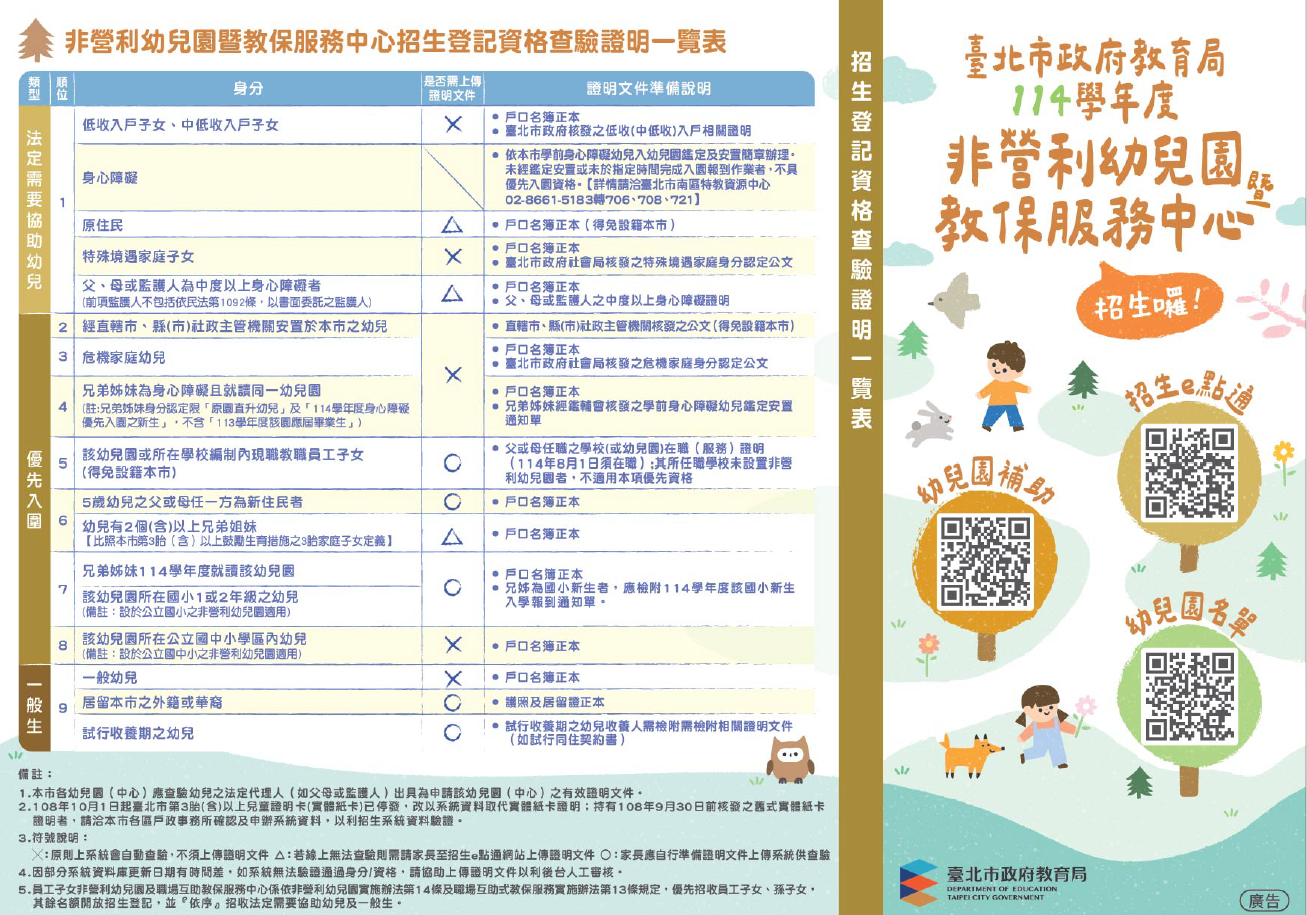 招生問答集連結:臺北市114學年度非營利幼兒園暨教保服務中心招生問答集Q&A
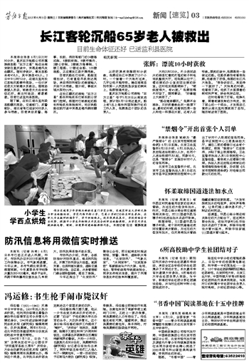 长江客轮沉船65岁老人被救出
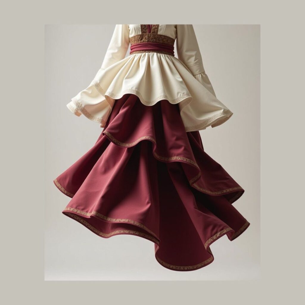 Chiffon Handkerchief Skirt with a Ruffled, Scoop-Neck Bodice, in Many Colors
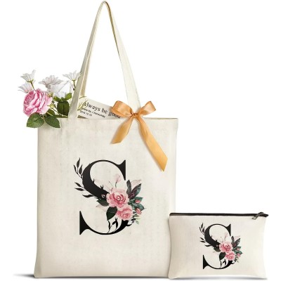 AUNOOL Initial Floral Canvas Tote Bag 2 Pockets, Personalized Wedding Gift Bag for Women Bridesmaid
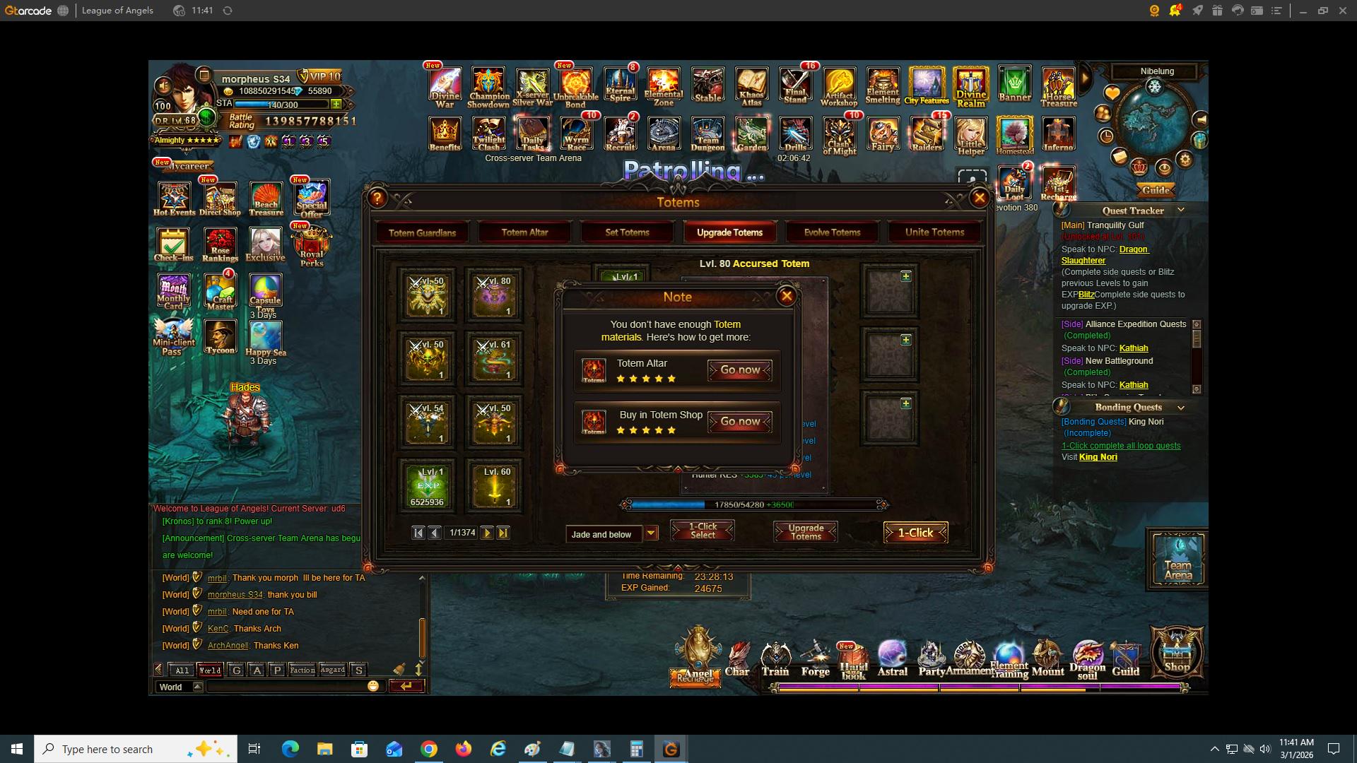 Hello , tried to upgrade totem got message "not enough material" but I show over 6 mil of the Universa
• • • • •
What to do –
Except for the pictures, copy every line of the records above exactly.

Reply –
 招生問答集連結:臺北市114學年度非營利幼兒園暨教保服務中心招生問答集Q&A
 长江客轮沉船65岁老人被救出
 Chiffon Handkerchief Skirt with a Ruffled, Scoop-Neck Bodice, in Many Colors
 AUNOOL Initial Floral Canvas Tote Bag 2 Pockets, Personalized Wedding Gift Bag for Women Bridesmaid
 Hello , tried to upgrade totem got message "not enough material" but I show over 6 mil of the Universa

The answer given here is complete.